## GIVEN INFORMATION
________
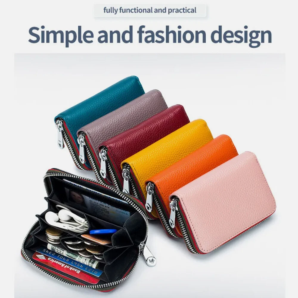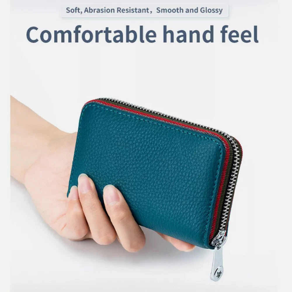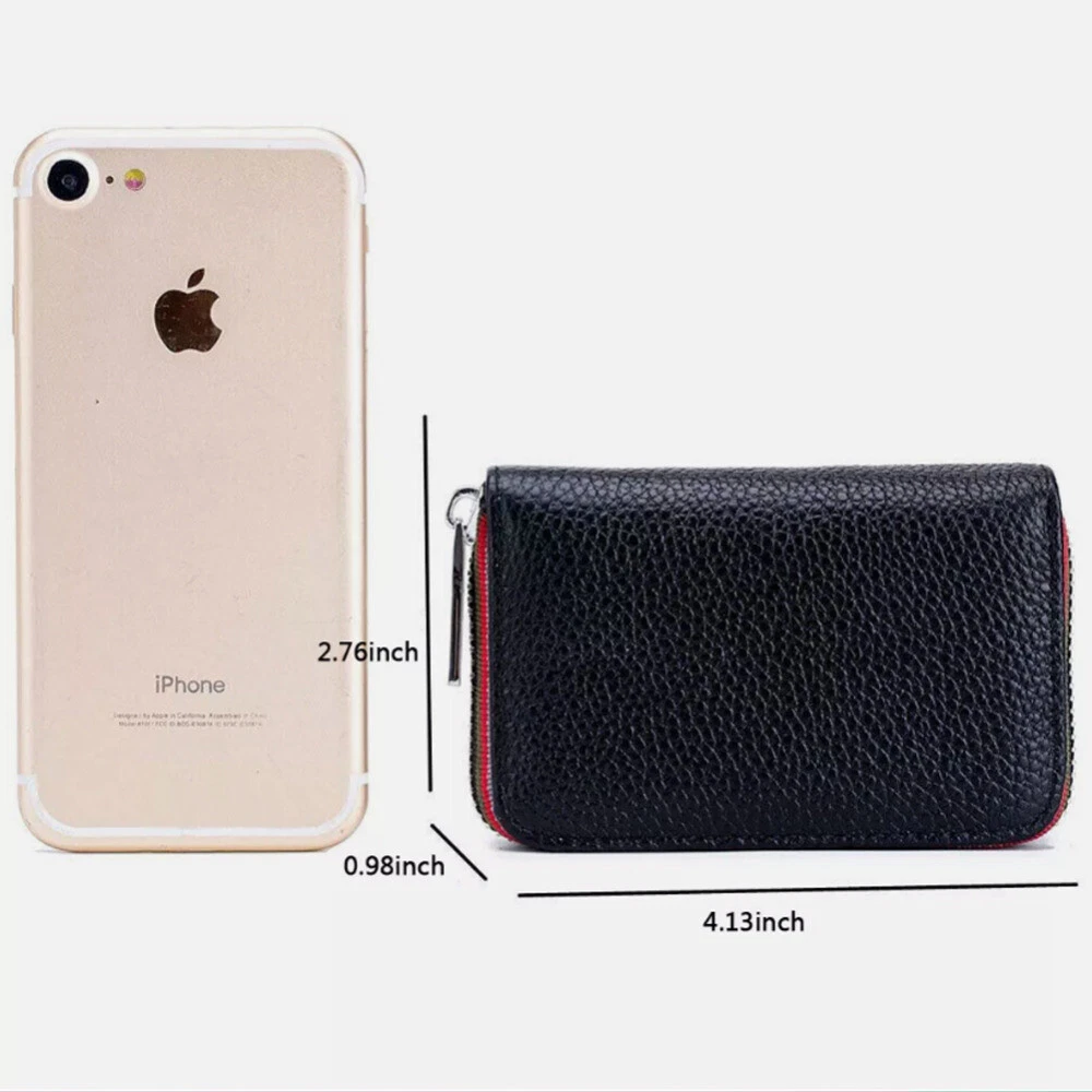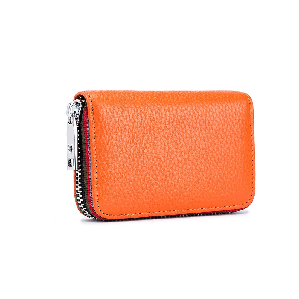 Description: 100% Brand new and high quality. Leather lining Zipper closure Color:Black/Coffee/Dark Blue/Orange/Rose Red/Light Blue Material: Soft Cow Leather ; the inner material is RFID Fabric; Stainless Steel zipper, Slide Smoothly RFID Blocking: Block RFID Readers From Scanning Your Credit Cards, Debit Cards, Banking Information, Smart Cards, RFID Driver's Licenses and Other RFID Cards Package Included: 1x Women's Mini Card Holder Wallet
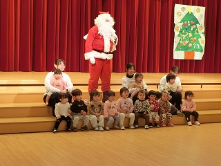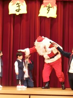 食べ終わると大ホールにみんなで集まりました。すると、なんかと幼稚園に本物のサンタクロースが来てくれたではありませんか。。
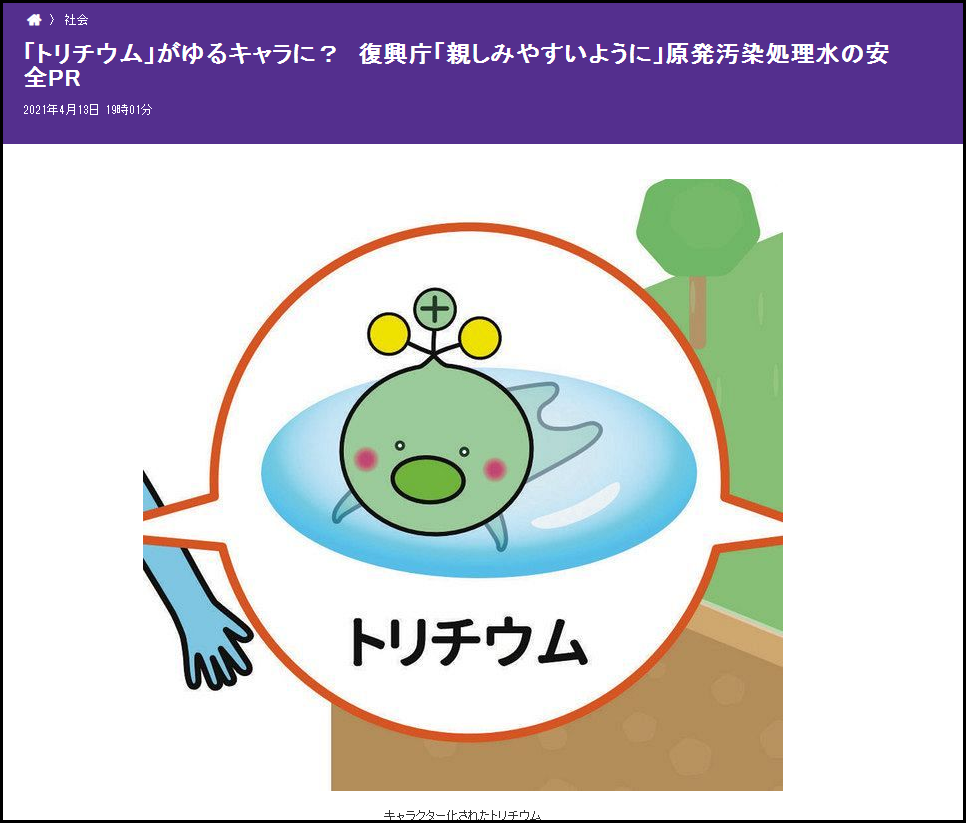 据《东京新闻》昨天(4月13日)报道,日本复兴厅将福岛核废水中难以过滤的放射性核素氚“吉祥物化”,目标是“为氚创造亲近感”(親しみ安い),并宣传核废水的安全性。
________
## EXERCISE BRIEF
Return the opening line of the data above and every line after it up to and including the line that holds "食べ終わると大ホールにみんな"; pictures stay out.

## OUTPUT OF THE TASK
 Description: 100% Brand new and high quality. Leather lining Zipper closure Color:Black/Coffee/Dark Blue/Orange/Rose Red/Light Blue Material: Soft Cow Leather ; the inner material is RFID Fabric; Stainless Steel zipper, Slide Smoothly RFID Blocking: Block RFID Readers From Scanning Your Credit Cards, Debit Cards, Banking Information, Smart Cards, RFID Driver's Licenses and Other RFID Cards Package Included: 1x Women's Mini Card Holder Wallet
 食べ終わると大ホールにみんなで集まりました。すると、なんかと幼稚園に本物のサンタクロースが来てくれたではありませんか。。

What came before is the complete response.